Hepatocyte growth factor predicts survival and relates to inflammation and intima media thickness in end-stage renal disease

Lorenzo S. Malatino, Francesca Mallamaci, Francesco A. Benedetto, Ignazio Bellanuova, Alessandro Cataliotti, Giovanni Tripepi, Carmine Zoccali

Research output: Contribution to journalArticlepeer-review

52 Scopus citations


Hepatocyte growth factor (HGF) is a pleiotropic cytokine involved in tissue protection and repair in the endothelium and various organ systems. The serum concentration of this protein is markedly increased in patients with chronic renal diseases, but the clinical and pathophysiological correlates of this substance in renal failure are scarcely understood. Serum HGF, lipid, albumin, hemoglobin, C-reactive protein (CRP), and immunoglobulin G (IgG) were measured in fasting conditions in a cohort of 244 dialysis patients. In addition, the relationship between HGF and severity of carotid atherosclerosis was studied in a subgroup of 105 patients. The entire cohort was followed up for a median of 31 months (interquartile range, 21 to 34 months).

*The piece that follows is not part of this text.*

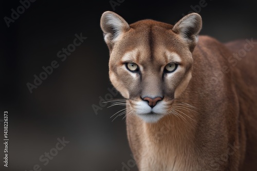 Mountain lion standing still on dark backdrop with focused forward gaze under dramatic lighting showing feline posture strength and natural wildlife presence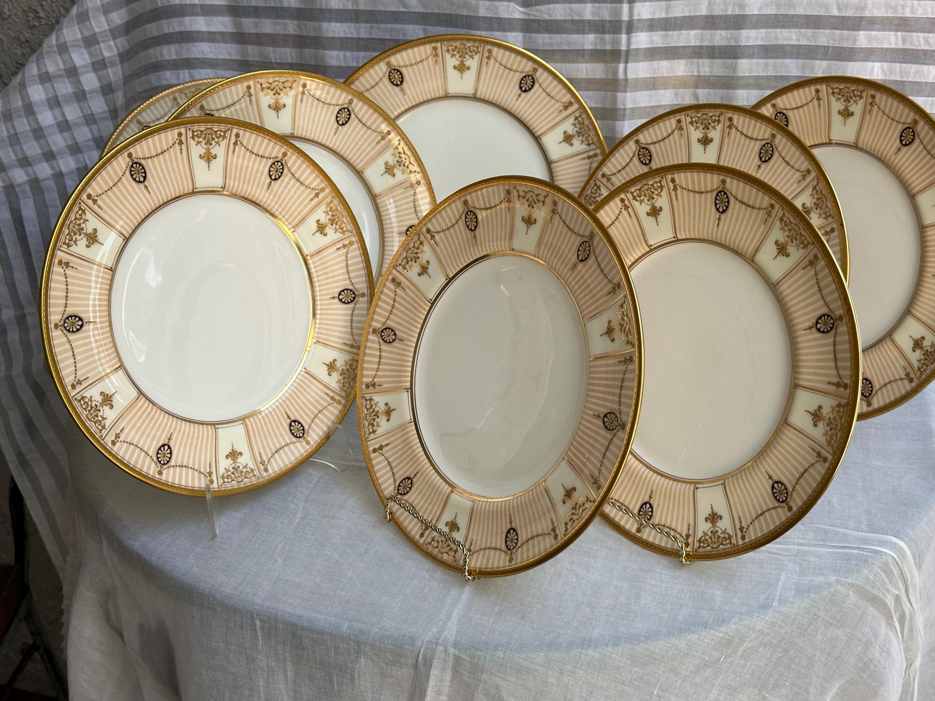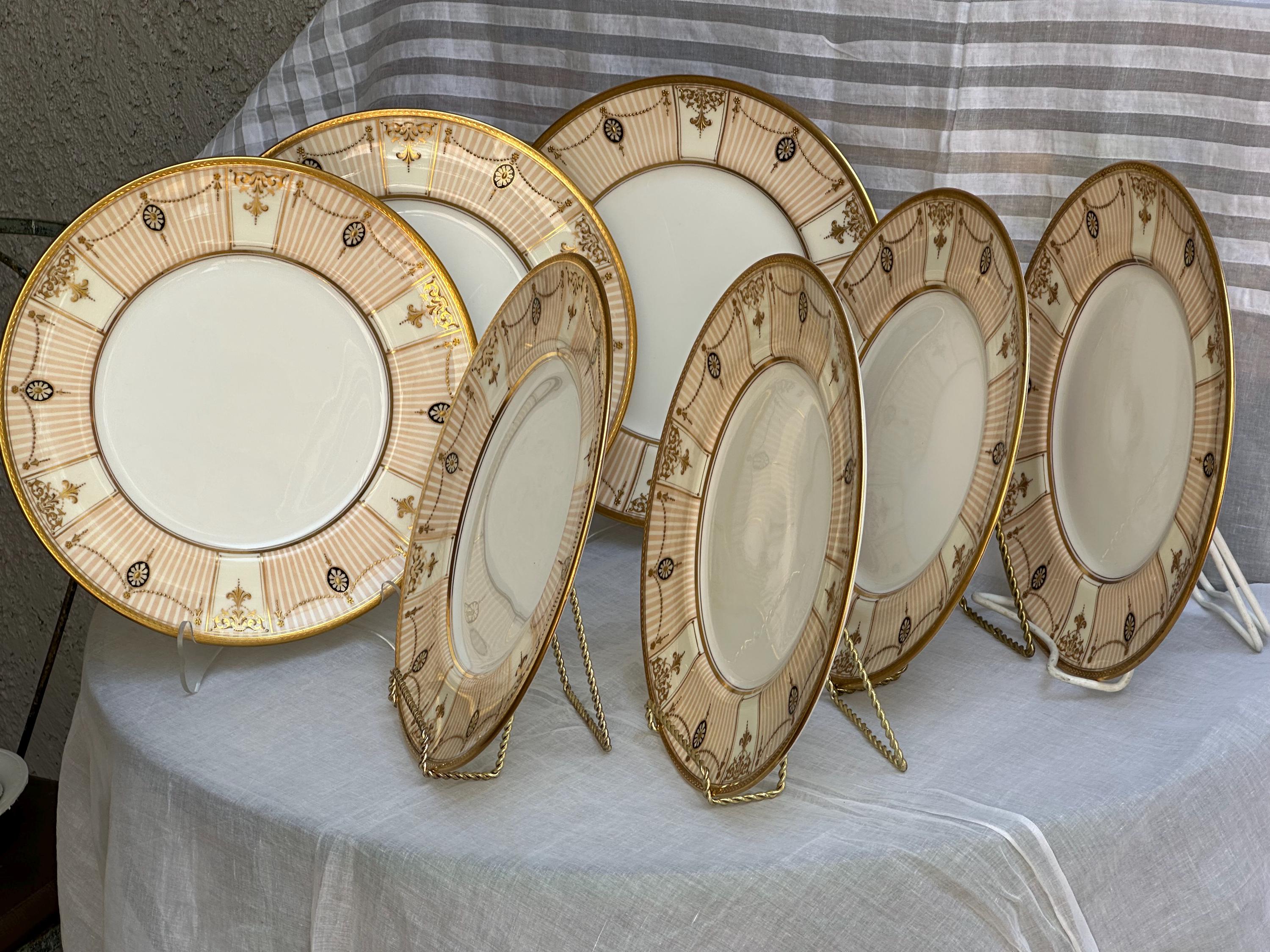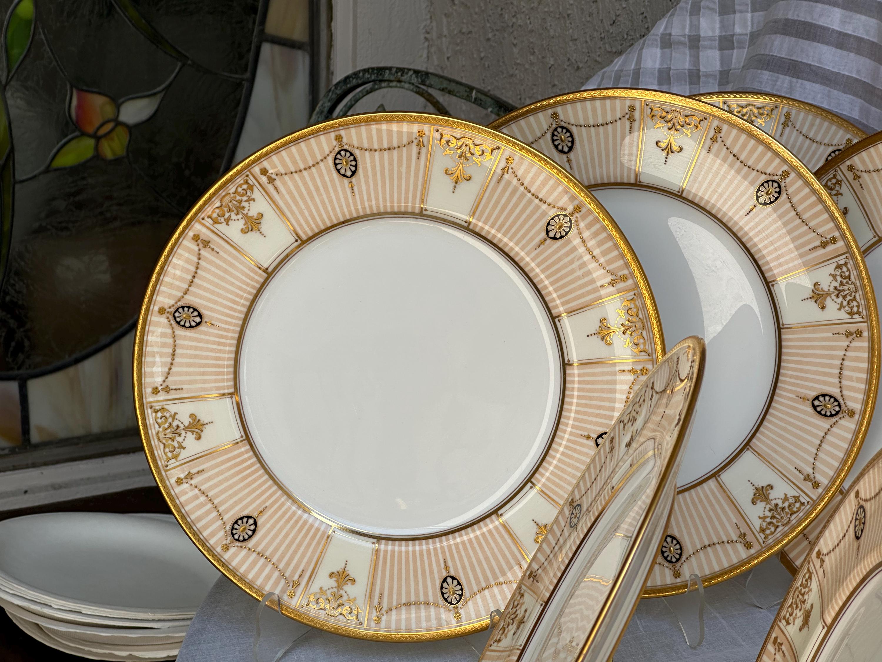 An exquisite dinner plate set featuring eight Antique Royal Doulton dinner plates with magnificent neoclassic styling.

Serum HGF level was directly related to duration of dialysis treatment, CRP level, age, IgG level, and hemoglobin level and inversely related to systolic and diastolic arterial blood pressure. In a multiple regression model, only duration of dialysis treatment (r = 0.38), age (r = 0.26), hemoglobin level (r = 0.17), IgG level (r = 0.15), and CRP level (r = 0.14) were independent correlates of serum HGF level (R = 0.54; P < 0.0001), suggesting that increased levels of serum HGF may be the expression of a chronic inflammatory process. HGF levels were greater in hemodialysis than continuous ambulatory peritoneal dialysis patients, independent of the type of dialysis membrane, and slightly increased in patients seropositive for hepatitis C virus. In the subgroup of patients who underwent echo color Doppler studies, serum HGF level was an independent correlate of intima media thickness (IMT; partial r = 0.23; P = 0.02). In the entire cohort, increased HGF levels predicted shorter survival in a multivariate Cox regression model. These results support the hypothesis that in patients with chronic renal failure, increased serum HGF level is linked to an inflammatory state. The relationships between HGF level and survival and IMT suggest that this cytokine might be a marker of a process that has a major impact in the high mortality and morbidity of the dialysis population. (C) 2000 by the National Kidney Foundation, Inc.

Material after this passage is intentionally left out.